» WORK REQUIRED
Provide an exact reproduction of every entry.

Dataset items
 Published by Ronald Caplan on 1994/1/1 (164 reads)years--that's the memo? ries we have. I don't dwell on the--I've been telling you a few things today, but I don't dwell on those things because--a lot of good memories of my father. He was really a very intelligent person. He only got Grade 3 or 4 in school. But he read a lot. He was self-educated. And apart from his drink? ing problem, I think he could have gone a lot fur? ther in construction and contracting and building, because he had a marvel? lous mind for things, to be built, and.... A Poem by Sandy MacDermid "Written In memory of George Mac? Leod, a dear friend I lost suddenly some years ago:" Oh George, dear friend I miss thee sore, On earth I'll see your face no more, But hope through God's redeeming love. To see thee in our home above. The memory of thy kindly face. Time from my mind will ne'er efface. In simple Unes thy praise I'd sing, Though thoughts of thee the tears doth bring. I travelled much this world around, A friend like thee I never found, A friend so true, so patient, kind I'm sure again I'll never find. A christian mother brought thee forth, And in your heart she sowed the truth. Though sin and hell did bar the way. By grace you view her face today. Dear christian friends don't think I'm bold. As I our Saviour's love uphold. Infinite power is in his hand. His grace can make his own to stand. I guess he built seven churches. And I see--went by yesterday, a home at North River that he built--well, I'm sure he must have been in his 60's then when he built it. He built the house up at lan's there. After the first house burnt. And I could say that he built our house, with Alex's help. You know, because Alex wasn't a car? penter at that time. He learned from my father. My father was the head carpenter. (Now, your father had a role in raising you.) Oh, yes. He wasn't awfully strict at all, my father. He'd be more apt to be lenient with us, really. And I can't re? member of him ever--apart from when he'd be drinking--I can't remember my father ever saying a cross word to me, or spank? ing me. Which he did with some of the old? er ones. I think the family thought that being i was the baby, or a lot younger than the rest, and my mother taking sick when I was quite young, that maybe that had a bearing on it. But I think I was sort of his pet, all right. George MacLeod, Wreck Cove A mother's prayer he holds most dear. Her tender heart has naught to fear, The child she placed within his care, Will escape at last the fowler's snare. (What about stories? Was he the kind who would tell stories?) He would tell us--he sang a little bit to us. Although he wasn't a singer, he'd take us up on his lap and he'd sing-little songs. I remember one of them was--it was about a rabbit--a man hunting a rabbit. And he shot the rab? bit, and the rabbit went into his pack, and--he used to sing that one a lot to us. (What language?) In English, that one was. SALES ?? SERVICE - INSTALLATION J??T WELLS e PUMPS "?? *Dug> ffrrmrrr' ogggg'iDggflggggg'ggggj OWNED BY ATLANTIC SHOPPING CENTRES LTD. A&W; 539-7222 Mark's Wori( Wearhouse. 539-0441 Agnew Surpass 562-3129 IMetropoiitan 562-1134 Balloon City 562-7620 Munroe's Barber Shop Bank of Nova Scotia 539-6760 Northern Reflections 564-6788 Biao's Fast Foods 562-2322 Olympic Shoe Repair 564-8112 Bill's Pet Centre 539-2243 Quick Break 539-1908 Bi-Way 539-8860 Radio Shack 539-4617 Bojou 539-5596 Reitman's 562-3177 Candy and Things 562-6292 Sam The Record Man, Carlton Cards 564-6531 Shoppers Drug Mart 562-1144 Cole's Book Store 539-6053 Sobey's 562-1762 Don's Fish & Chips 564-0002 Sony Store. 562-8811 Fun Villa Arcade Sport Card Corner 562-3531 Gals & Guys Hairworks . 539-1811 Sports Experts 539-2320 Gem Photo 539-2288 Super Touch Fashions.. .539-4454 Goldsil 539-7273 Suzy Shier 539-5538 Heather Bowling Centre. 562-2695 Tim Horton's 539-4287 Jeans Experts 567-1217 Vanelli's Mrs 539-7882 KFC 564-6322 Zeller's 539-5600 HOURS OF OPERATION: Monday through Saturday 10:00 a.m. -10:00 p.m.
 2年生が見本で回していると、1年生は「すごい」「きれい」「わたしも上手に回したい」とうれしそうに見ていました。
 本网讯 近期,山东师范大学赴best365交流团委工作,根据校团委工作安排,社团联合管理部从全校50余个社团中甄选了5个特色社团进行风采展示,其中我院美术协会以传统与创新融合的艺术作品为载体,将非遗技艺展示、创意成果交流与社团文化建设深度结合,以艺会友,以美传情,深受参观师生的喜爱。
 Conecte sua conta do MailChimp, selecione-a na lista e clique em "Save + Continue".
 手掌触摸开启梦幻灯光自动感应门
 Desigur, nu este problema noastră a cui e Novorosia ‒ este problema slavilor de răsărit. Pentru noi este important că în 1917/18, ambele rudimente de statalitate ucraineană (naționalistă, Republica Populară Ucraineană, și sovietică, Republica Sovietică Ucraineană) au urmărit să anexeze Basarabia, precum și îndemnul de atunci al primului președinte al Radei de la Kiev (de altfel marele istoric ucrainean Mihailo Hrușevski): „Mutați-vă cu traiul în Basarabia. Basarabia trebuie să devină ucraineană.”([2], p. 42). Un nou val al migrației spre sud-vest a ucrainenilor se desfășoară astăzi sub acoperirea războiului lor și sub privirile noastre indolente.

» FINISHED TASK
 Published by Ronald Caplan on 1994/1/1 (164 reads)years--that's the memo? ries we have. I don't dwell on the--I've been telling you a few things today, but I don't dwell on those things because--a lot of good memories of my father. He was really a very intelligent person. He only got Grade 3 or 4 in school. But he read a lot. He was self-educated. And apart from his drink? ing problem, I think he could have gone a lot fur? ther in construction and contracting and building, because he had a marvel? lous mind for things, to be built, and.... A Poem by Sandy MacDermid "Written In memory of George Mac? Leod, a dear friend I lost suddenly some years ago:" Oh George, dear friend I miss thee sore, On earth I'll see your face no more, But hope through God's redeeming love. To see thee in our home above. The memory of thy kindly face. Time from my mind will ne'er efface. In simple Unes thy praise I'd sing, Though thoughts of thee the tears doth bring. I travelled much this world around, A friend like thee I never found, A friend so true, so patient, kind I'm sure again I'll never find. A christian mother brought thee forth, And in your heart she sowed the truth. Though sin and hell did bar the way. By grace you view her face today. Dear christian friends don't think I'm bold. As I our Saviour's love uphold. Infinite power is in his hand. His grace can make his own to stand. I guess he built seven churches. And I see--went by yesterday, a home at North River that he built--well, I'm sure he must have been in his 60's then when he built it. He built the house up at lan's there. After the first house burnt. And I could say that he built our house, with Alex's help. You know, because Alex wasn't a car? penter at that time. He learned from my father. My father was the head carpenter. (Now, your father had a role in raising you.) Oh, yes. He wasn't awfully strict at all, my father. He'd be more apt to be lenient with us, really. And I can't re? member of him ever--apart from when he'd be drinking--I can't remember my father ever saying a cross word to me, or spank? ing me. Which he did with some of the old? er ones. I think the family thought that being i was the baby, or a lot younger than the rest, and my mother taking sick when I was quite young, that maybe that had a bearing on it. But I think I was sort of his pet, all right. George MacLeod, Wreck Cove A mother's prayer he holds most dear. Her tender heart has naught to fear, The child she placed within his care, Will escape at last the fowler's snare. (What about stories? Was he the kind who would tell stories?) He would tell us--he sang a little bit to us. Although he wasn't a singer, he'd take us up on his lap and he'd sing-little songs. I remember one of them was--it was about a rabbit--a man hunting a rabbit. And he shot the rab? bit, and the rabbit went into his pack, and--he used to sing that one a lot to us. (What language?) In English, that one was. SALES ?? SERVICE - INSTALLATION J??T WELLS e PUMPS "?? *Dug> ffrrmrrr' ogggg'iDggflggggg'ggggj OWNED BY ATLANTIC SHOPPING CENTRES LTD. A&W; 539-7222 Mark's Wori( Wearhouse. 539-0441 Agnew Surpass 562-3129 IMetropoiitan 562-1134 Balloon City 562-7620 Munroe's Barber Shop Bank of Nova Scotia 539-6760 Northern Reflections 564-6788 Biao's Fast Foods 562-2322 Olympic Shoe Repair 564-8112 Bill's Pet Centre 539-2243 Quick Break 539-1908 Bi-Way 539-8860 Radio Shack 539-4617 Bojou 539-5596 Reitman's 562-3177 Candy and Things 562-6292 Sam The Record Man, Carlton Cards 564-6531 Shoppers Drug Mart 562-1144 Cole's Book Store 539-6053 Sobey's 562-1762 Don's Fish & Chips 564-0002 Sony Store. 562-8811 Fun Villa Arcade Sport Card Corner 562-3531 Gals & Guys Hairworks . 539-1811 Sports Experts 539-2320 Gem Photo 539-2288 Super Touch Fashions.. .539-4454 Goldsil 539-7273 Suzy Shier 539-5538 Heather Bowling Centre. 562-2695 Tim Horton's 539-4287 Jeans Experts 567-1217 Vanelli's Mrs 539-7882 KFC 564-6322 Zeller's 539-5600 HOURS OF OPERATION: Monday through Saturday 10:00 a.m. -10:00 p.m.
 2年生が見本で回していると、1年生は「すごい」「きれい」「わたしも上手に回したい」とうれしそうに見ていました。
 本网讯 近期,山东师范大学赴best365交流团委工作,根据校团委工作安排,社团联合管理部从全校50余个社团中甄选了5个特色社团进行风采展示,其中我院美术协会以传统与创新融合的艺术作品为载体,将非遗技艺展示、创意成果交流与社团文化建设深度结合,以艺会友,以美传情,深受参观师生的喜爱。
 Conecte sua conta do MailChimp, selecione-a na lista e clique em "Save + Continue".
 手掌触摸开启梦幻灯光自动感应门
 Desigur, nu este problema noastră a cui e Novorosia ‒ este problema slavilor de răsărit. Pentru noi este important că în 1917/18, ambele rudimente de statalitate ucraineană (naționalistă, Republica Populară Ucraineană, și sovietică, Republica Sovietică Ucraineană) au urmărit să anexeze Basarabia, precum și îndemnul de atunci al primului președinte al Radei de la Kiev (de altfel marele istoric ucrainean Mihailo Hrușevski): „Mutați-vă cu traiul în Basarabia. Basarabia trebuie să devină ucraineană.”([2], p. 42). Un nou val al migrației spre sud-vest a ucrainenilor se desfășoară astăzi sub acoperirea războiului lor și sub privirile noastre indolente.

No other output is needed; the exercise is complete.